[erlang-questions] Intel Quad CPUs (NVIDIA Tesla & Tilera TILE64)

Tue Sep 4 00:01:05 CEST 2007

> Date: Mon, 3 Sep 2007 18:43:08 +0800
> From: "Hugh Perkins" <hughperkins@REDACTED>
> Subject: Re: [erlang-questions] Intel Quad CPUs
>
> Almost on topic, what could be the benefits and the challenges of
> getting Erlang working on an nVidia  Tesla card?
>
> These cards have between 8 and 128 cores, depending on how you look at
> it. (16 multiprocessors, each running warps of up to 32 threads, every
> 2 clock cycles).

I've been working with CUDA on NVIDIA 8800's, which is the same core  
technology as NVIDIA Tesla.
I don't believe Erlang is a good fit for the underlying hardware.  
Erlang processes nicely map onto independent instruction streams.  
Erlang processes are control-stream oriented, and not data stream  
oriented (like 8800).

An NVIDIA 8800GTX has 128 ALU's, but only concurrently executes 16  
instruction streams, 1 per 'multi-processor' (8 ALU's/multi-processor).
Threads and warps are an abstraction on top of the hardware created  
by the CUDA language and run-time to make it practical to extract the  
majority of the hardware performance.

IMHO getting at the full 8800 performance relies on aligning with a  
few key hardware constraints and mechanisms:
1. All of the code on a multi-processor executes in lock-step; either  
all of the ALU's execute the same instruction, or a subset are idle  
(and you want to maximise the number of ALU's performing work).
2. Memory loads for ALU's must be to sequential addresses, to get at  
the full chip to memory bandwidth.
3. 'Shared' memory access should be sequential, and used a lot, to  
reach it's 1TB/second bandwidth
4. 'Texture memory' access should be 'spatially localised' to exploit  
caching.
5. 'Constant memory' access should be synchronised to exploit caching.
6. 'blocks' of computation should fit into the register set of a  
multi-processor.
7. Limited external communications - the 8800 rely on the host for  
network and disk IO, and the 'pipe' isn't as 'fat' as one might like  
(though fatter than GigEthernet).

These are pretty low-level concepts, and I do not see any software- 
level (vanilla) Erlang support which could exploit these properties  
(we could add features like data-parallel Haskell to Erlang, of course)

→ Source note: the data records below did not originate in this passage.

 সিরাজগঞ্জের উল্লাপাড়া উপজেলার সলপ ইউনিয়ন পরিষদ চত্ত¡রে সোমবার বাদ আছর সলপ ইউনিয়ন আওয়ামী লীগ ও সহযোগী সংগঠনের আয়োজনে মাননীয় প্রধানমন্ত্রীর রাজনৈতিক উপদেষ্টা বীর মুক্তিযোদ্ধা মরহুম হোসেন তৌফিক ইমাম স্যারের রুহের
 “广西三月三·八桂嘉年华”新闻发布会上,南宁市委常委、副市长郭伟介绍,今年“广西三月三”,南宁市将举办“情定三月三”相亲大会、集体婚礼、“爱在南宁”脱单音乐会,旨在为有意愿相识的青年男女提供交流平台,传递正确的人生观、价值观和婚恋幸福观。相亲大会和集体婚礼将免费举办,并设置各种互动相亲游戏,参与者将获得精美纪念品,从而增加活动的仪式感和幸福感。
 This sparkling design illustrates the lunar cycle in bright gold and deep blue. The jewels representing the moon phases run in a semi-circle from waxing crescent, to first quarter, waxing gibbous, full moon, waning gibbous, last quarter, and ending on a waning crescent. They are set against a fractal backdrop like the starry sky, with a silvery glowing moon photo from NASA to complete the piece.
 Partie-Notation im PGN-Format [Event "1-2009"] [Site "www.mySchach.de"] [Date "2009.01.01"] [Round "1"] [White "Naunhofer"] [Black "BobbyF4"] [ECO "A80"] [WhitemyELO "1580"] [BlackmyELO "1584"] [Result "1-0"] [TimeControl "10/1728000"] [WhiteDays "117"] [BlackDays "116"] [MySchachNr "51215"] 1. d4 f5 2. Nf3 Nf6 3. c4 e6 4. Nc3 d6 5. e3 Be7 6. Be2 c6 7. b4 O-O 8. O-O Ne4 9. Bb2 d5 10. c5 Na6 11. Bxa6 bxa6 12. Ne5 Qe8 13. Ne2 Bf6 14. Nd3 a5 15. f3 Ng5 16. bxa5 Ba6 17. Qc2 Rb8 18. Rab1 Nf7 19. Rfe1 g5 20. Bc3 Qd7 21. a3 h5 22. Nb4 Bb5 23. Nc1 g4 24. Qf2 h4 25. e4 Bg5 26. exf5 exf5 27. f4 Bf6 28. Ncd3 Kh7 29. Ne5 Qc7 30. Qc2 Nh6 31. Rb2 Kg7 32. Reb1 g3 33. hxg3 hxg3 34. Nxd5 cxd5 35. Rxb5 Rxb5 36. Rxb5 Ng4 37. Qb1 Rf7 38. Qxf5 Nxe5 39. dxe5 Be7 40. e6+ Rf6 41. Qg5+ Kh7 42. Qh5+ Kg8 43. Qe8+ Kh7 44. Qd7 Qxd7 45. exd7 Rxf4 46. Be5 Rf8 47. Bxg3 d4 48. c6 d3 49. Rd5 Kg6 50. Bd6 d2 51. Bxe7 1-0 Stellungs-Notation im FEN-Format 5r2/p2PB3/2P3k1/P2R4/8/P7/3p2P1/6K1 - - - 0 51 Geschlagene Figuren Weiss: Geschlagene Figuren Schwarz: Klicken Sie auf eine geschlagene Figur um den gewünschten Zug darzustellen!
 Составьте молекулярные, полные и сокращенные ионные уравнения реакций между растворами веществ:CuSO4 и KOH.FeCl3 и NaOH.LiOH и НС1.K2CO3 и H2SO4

So, you could have Erlang, one process/multi-processor, and ignore 7  
of the 8 ALU's, and ignore some of the hardware 'features'. I have no  
problem with that, it's just worth thinking through. I would hope  
that each 8800GTX would be within +/- 3x performance of an Intel quad  
core run in this way (Intel runs about 2x the ALU clock of a GTX, and  
each core of a Quad Core has multiple ALU's which an be exploited by  
ILP in hardware, and Quad Core's caching is managed below the  
instruction level, so it would 'just work').

IMHO, a Erlang processes on NVIDIA 8800/Tesla could be done (while  
ignore much of the specialised hardware), but NVIDIA haven't released  
full processor details, so we'd be restricted to programming in CUDA,  
or the PTX pseudo-assembler, with only partial information. So, it'd  
likely be noticeably slower than an Intel Quad Core for vanilla  
Erlang code.

Having said all of that. I might be interested in having a crack at it !

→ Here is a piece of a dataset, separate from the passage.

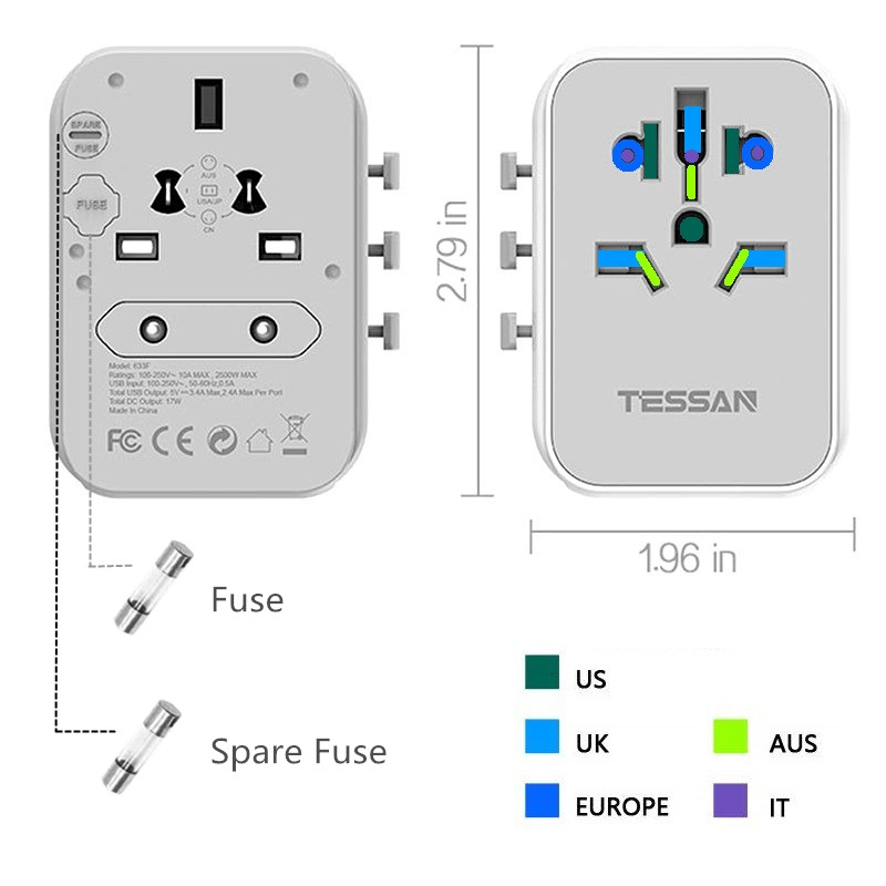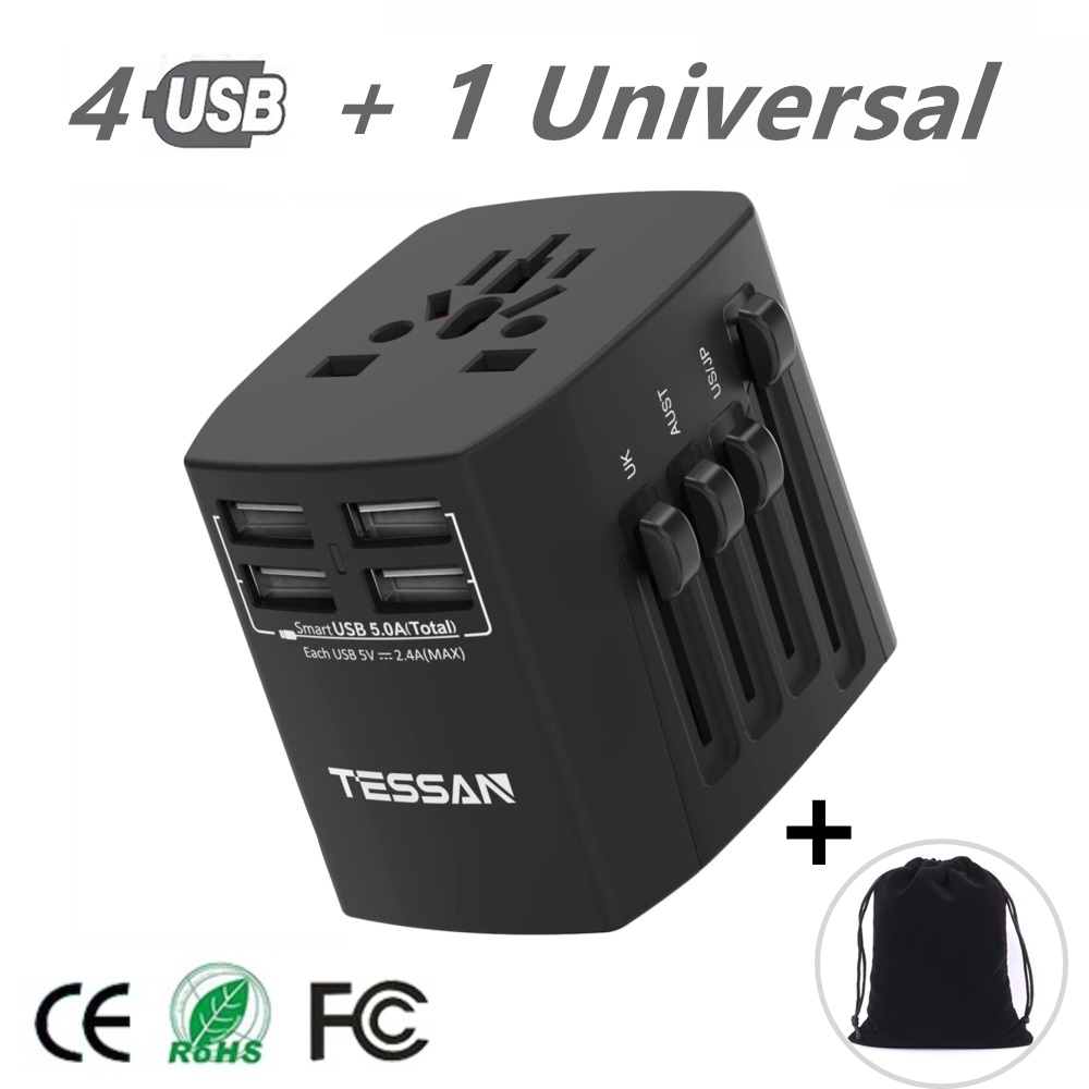 TESSAN Universal Adapter International Travel Adapter USB Charger Multi Ports with 4 USB Outlets, Universal Traveller Power Plug Travel Adaptor Universal, Worldwide All in One Wall Charger Converter f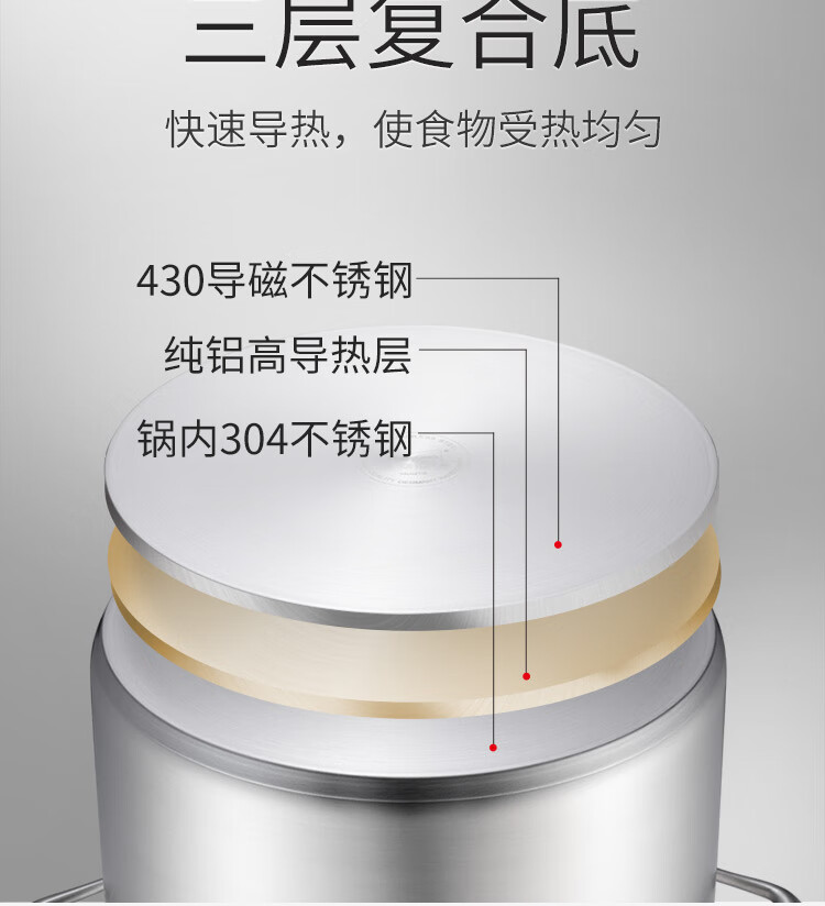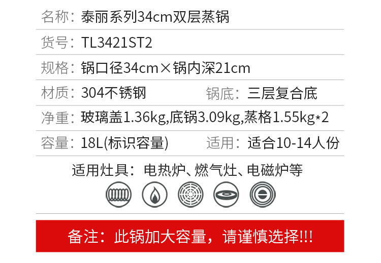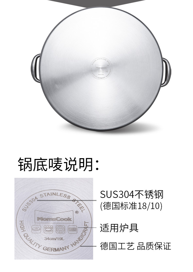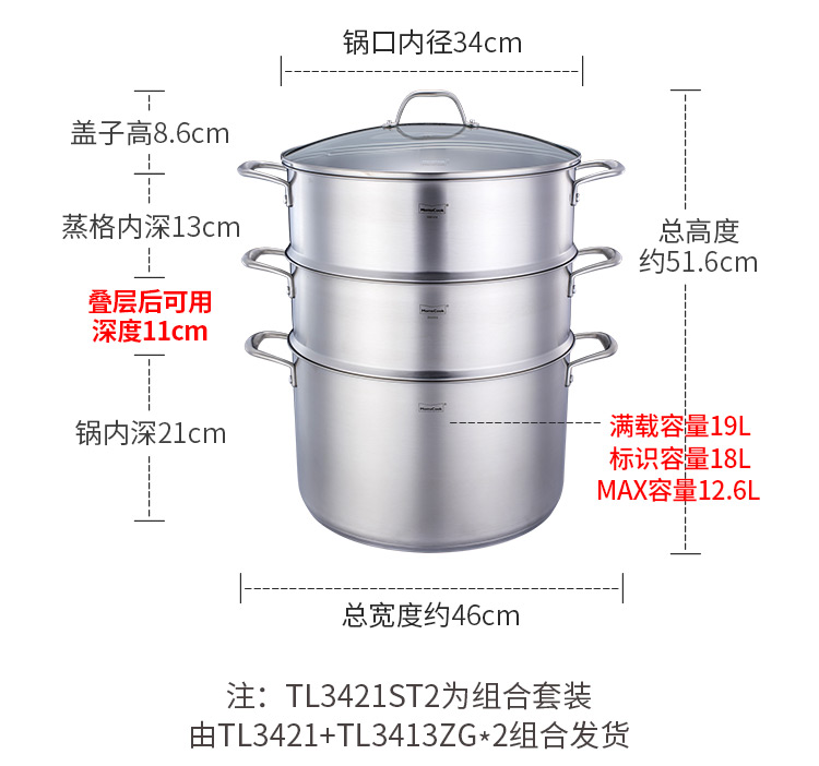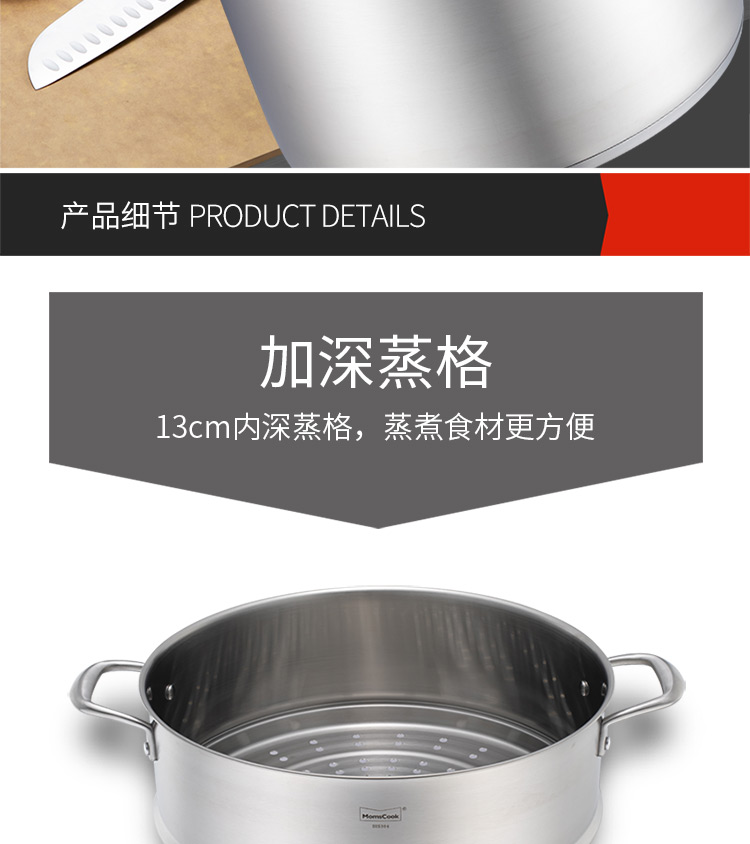 Momscook stainless steel steamer 34cm large steamer single layer double layer steamer 304 induction cooker gas universal (TL3421ST2) double layer steamer - 34cm

IMHO, A much more interesting chip for Erlang is the Tilera TILE64:  
http://www.tilera.com/products/processors.php

This seems like a very good fit; lots (64) of independent processors,  
with very high-speed mesh interconnect. If anyone would like to buy  
me a TILExpress-64 CARD (http://www.tilera.com/products/boards.php)  
I'd be very happy to investigate putting Erlang on that.

Garry